**Description of the task:**
Lines from the one containing "기관 '현대모비스'·외인 '삼성전자'·개인" through the end of the listing are what is wanted, given again exactly with both ends included and pictures left out.

**Supplied records:**
>>>

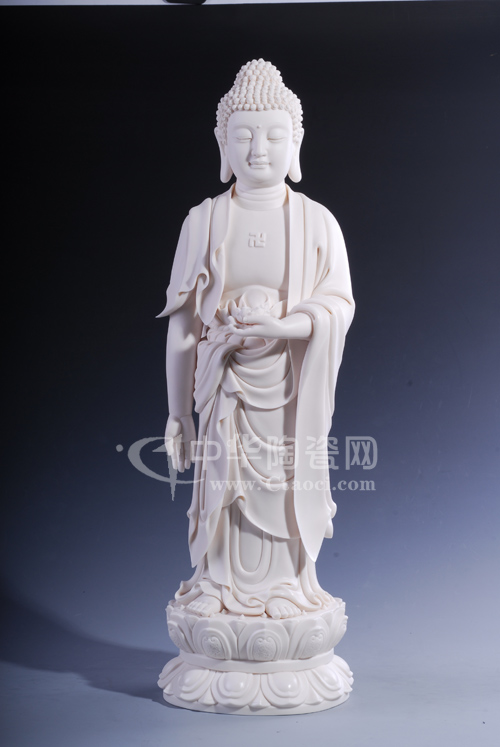在連紫華的作品及和他的交流中,我們可以找到連紫華他所從事傳統(tǒng)瓷塑的那份凈與禪的感覺。連紫華說:“做傳統(tǒng)工藝,不光要有扎實的基礎(chǔ)功,還要人的心能靜下來做,是不是能靜心下來做,那這種感覺就直接體現(xiàn)在的作品上。假設(shè)我做的一尊釋迦摩尼佛的像來說,就先要了解釋迦摩尼佛在佛教里面的歷史背景。了解完,我們就知道釋迦摩尼佛是慈祥、莊嚴(yán),但是要略帶一點威嚴(yán)的感覺,這跟他的身份背景有關(guān)系。我在創(chuàng)作過程中,特別是寫臉部表情的刻畫,我就很注意到這些細(xì)節(jié)。那些細(xì)節(jié)的體現(xiàn),你平常沒有用心,你是感覺不出來的。”
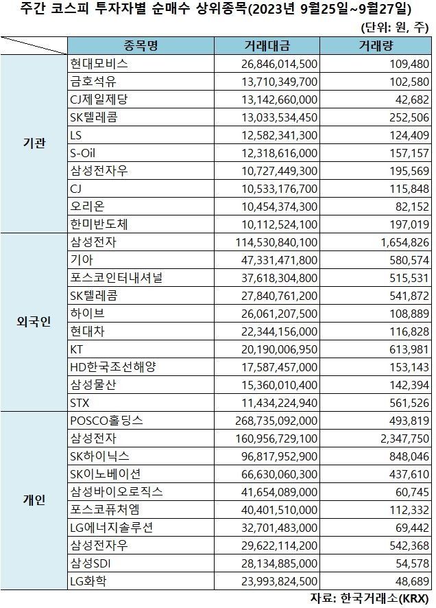 기관 '현대모비스'·외인 '삼성전자'·개인 'POSCO홀딩스' 1위 [주간 코스피 순매수- 9월25일~9월27일]
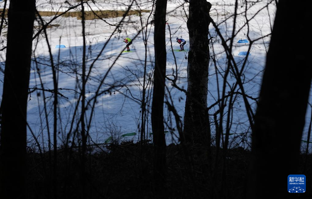 3月8日,中国选手党鹤松(左)与引导员卢宏达在比赛中。
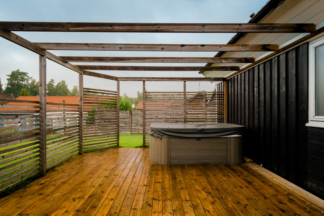 Det finns en nedgjuten värmekabel i betongplattans ytterkant. Denna används under vinterhalvåret
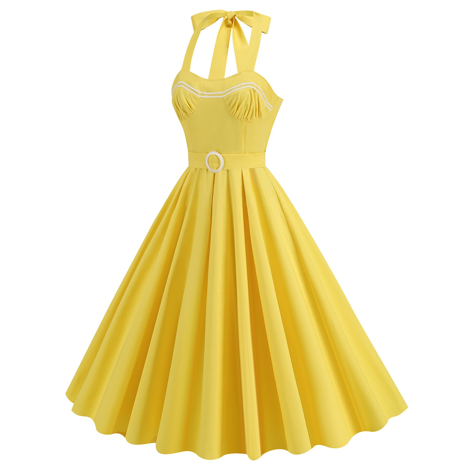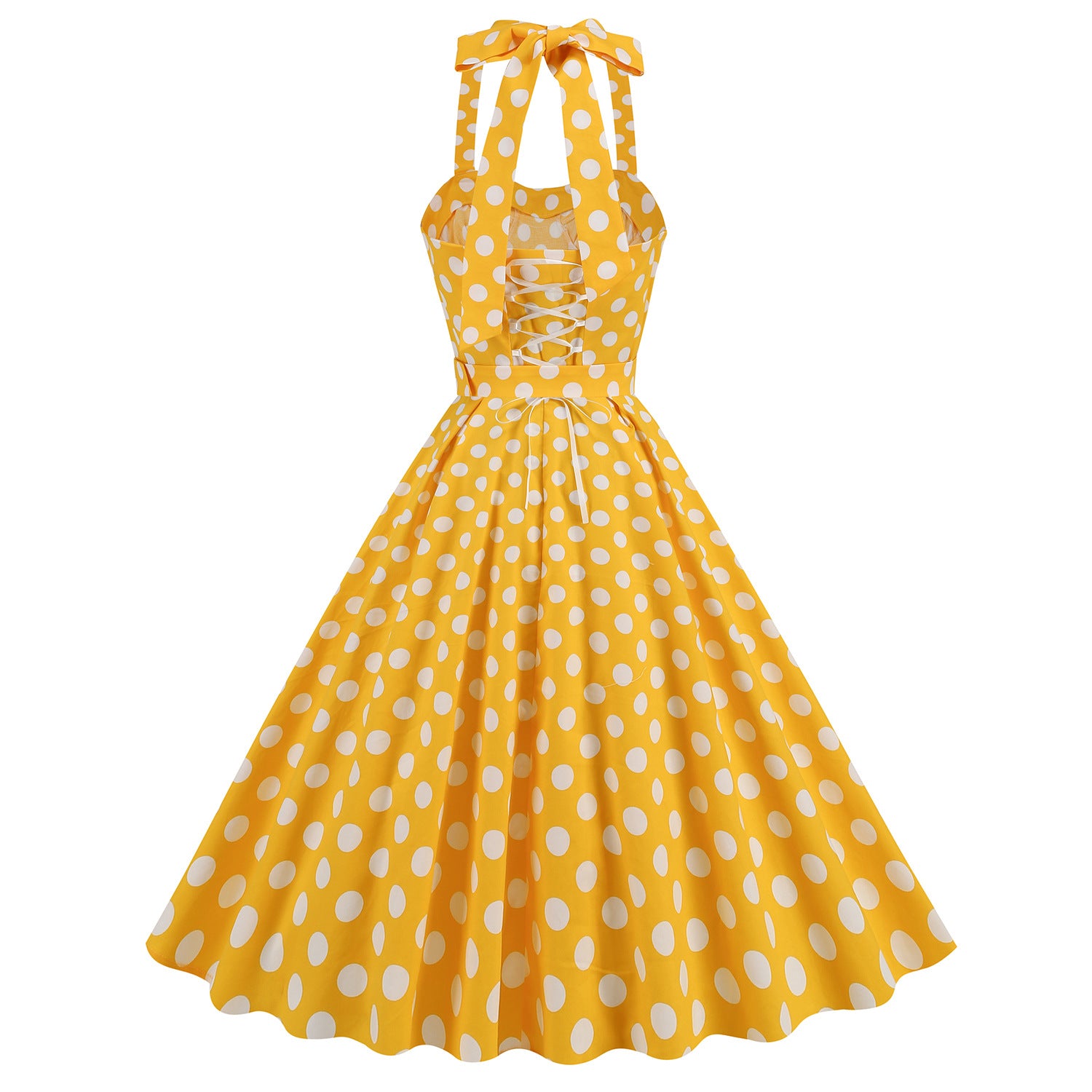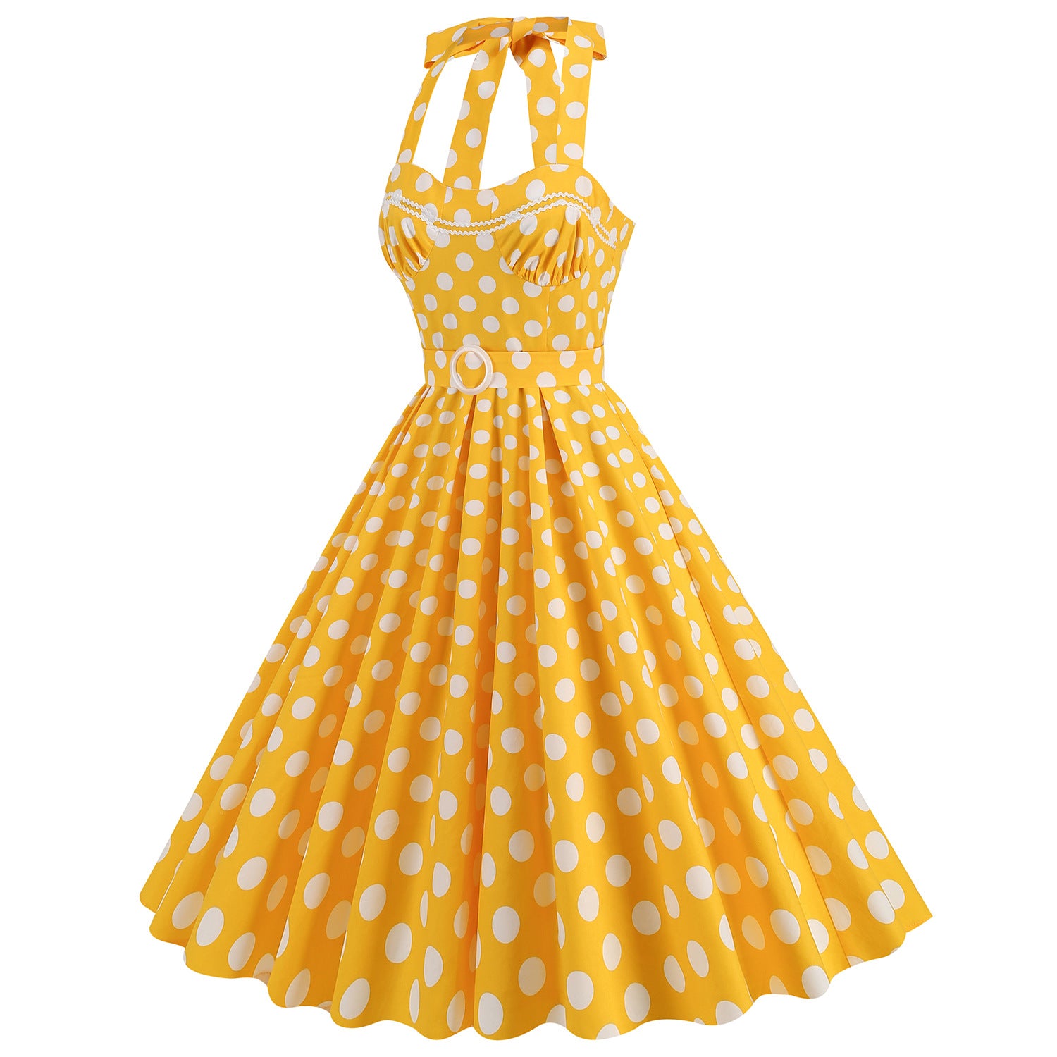 1950S Yellow Retro Polka Dot Halter Belted Vintage Dress
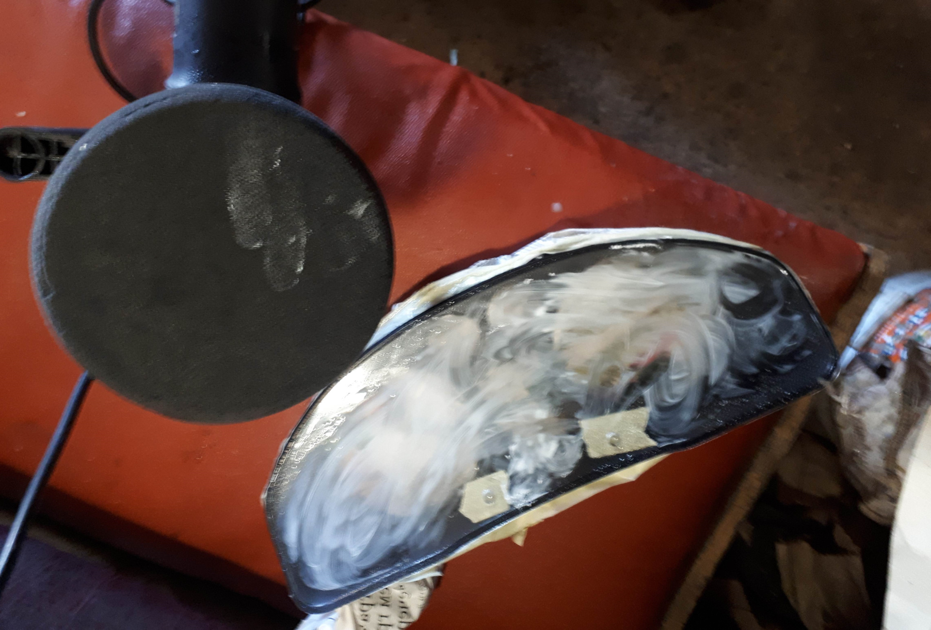 Следу.щий этап 3 вида пасты разной зернистости от метзерны с мягким паралоновым кругом и водичкой дабы не перегреть пластик.

<<<

**Answer box:**
 기관 '현대모비스'·외인 '삼성전자'·개인 'POSCO홀딩스' 1위 [주간 코스피 순매수- 9월25일~9월27일]
 3月8日,中国选手党鹤松(左)与引导员卢宏达在比赛中。
 Det finns en nedgjuten värmekabel i betongplattans ytterkant. Denna används under vinterhalvåret
 1950S Yellow Retro Polka Dot Halter Belted Vintage Dress
 Следу.щий этап 3 вида пасты разной зернистости от метзерны с мягким паралоновым кругом и водичкой дабы не перегреть пластик.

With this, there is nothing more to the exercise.